I’m also inspired on a daily basis by the directors I’ve had the pleasure of working with. I see my job as one that is less about coming up with my own ideas and more about listening to the director’s ideas, then developing, supporting and finding the right way to execute the director’s vision.

What new technology has changed the way you work (looking back over the past few years)? 
Tattersall: I think the speed and advent of LED lighting has been phenomenal. The flexibility to change color in so many LED fixtures is just amazing, plus the huge drop in power consumption and heat while still maintaining the same light levels.

Initially, I felt that the move from celluloid to digital was premature and represented a huge quality drop.

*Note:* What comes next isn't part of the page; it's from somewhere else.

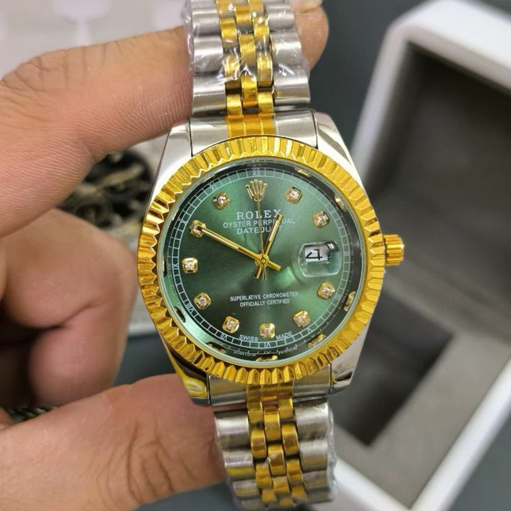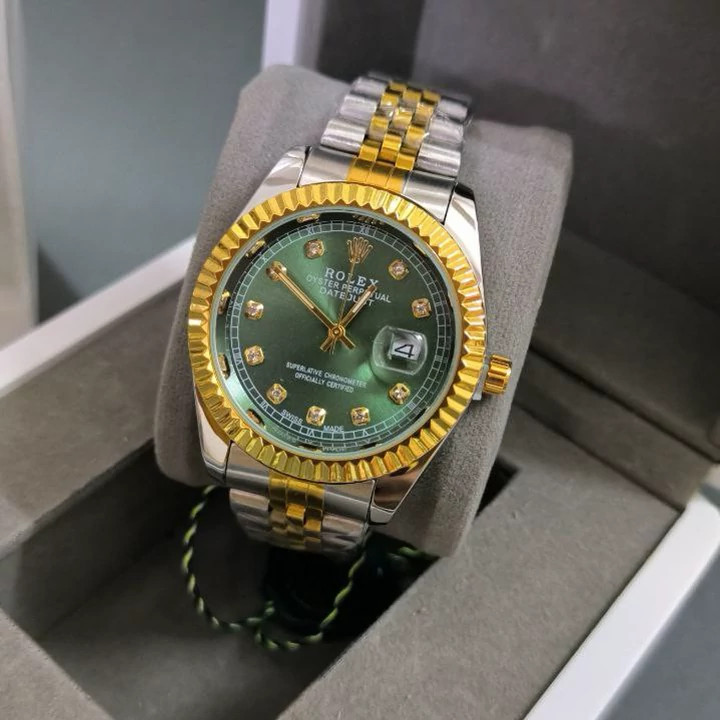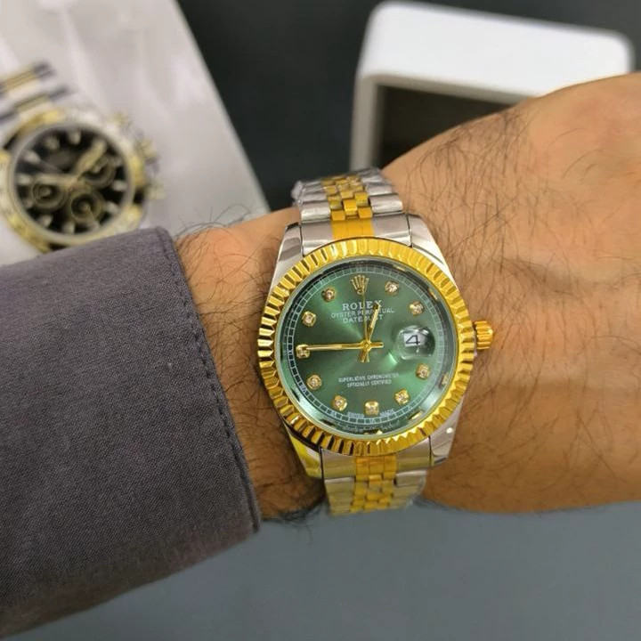 ساعت مچی مردانه رولکس Rolexمدل 2249 • • برند : Rolex • ضد آب 3 اتمسفر ( در حد پاشش آب 3ATM ) • مناسب برای : آقایان • روزشمار : دارد • نوع قفل : کلیپسی • شیشه : اکرلیک • جنس بند : استیل • رنگ بند : طلایی نقره ای • شکل صفحه: دایره • رنگ صفحه : سبز • درجه کیفیت موتور : کوارتز A+++ • همراه با جعبه شکیل و باطری اضافه تمامی عکس ها از خود محصول در استدیو تخصصی مای رُز گرفته شده است ویژگی های خاص : موتور با کیفیت مدل SL کوارتز

Now, however, I feel the playing field is more even, and you certainly have to take your hat off to the flexibility of variable ISO settings and false color, which I love in terms of putting my exposure to catch the absolute maximum amount of image information.

Miller: I agree. LED lights are probably the most noticeable change in the last few years, especially ones that can be powered with batteries. On Grace and Frankie, we primarily used traditional incandescent lights for lighting the actors and sets, but we did incorporate some newer lights.

We were one of the first shows to incorporate Mole-Richardson’s Vari-Space LED space lights back when they first came out of the prototype phase. Those lights allowed us to change the color temperature of the sky in a second, which previously would have taken hours to gel all the traditional space lights. That ease of use and flexibility is now offered in almost every type of light, which gives more room for creativity without added expense and time.

What are some of your best practices or rules you try to follow on each job? 
Tattersall: When you are on a show, you spend more time with your crew than you do with your family at home, so you better be sure it’s a pleasant environment. I believe in kindness on-set; I get excited to see people grow into their shoes and develop their talents, but if I had to choose one thing, I would say kindness.

Miller: Yes, I agree. I aim to treat everyone with respect. I don’t believe in yelling at anyone on-set.

Grace and Frankie

Explain your ideal collaboration with the director or showrunner when starting a new project. 
Tattersall: I love the collaborative relationship with a director. I always, without a pause, keep my eyes open for special shots that a director might not notice, even if he or she has thoroughly done the homework. If I can pull a shot out of nowhere that is fun and will help the edit, it makes me very pleased.

And I never get offended if a director decides not to entertain an idea of mine. It’s a delicate balance running an idea up to the showrunners without running it by the director first because they could feel that their DP is being too pushy. Sometimes ideas can be run up the flagpole during a production meeting rather than in the heat of battle, when you are shooting and time is very precious.

Miller: An ideal collaborative relationship for me would be to work with a director or a showrunner who has an idea for a new project that exists in a whole new world. The director would have a strong grasp on this world but would still have some details that need to be discovered. I think the discovery process is a fun thing to go through together with a director and can inform so much about how a project should look.

What’s your go-to gear (camera, lens, mount/accessories) – things you can’t live without? 
Tattersall: Just one thing: a great sensor that allows me to feel that I am not losing something by not shooting film.

Miller: I’m a huge fan of using an optical director’s finder. I still use a viewfinder app when necessary, but looking with your eye through the actual lens is an important part of the ritual for me. I also think it helps connect the director to the shot early in the process.


Randi Altman is the founder and editor-in-chief of postPerspective. She has been covering production and post production for 25 years.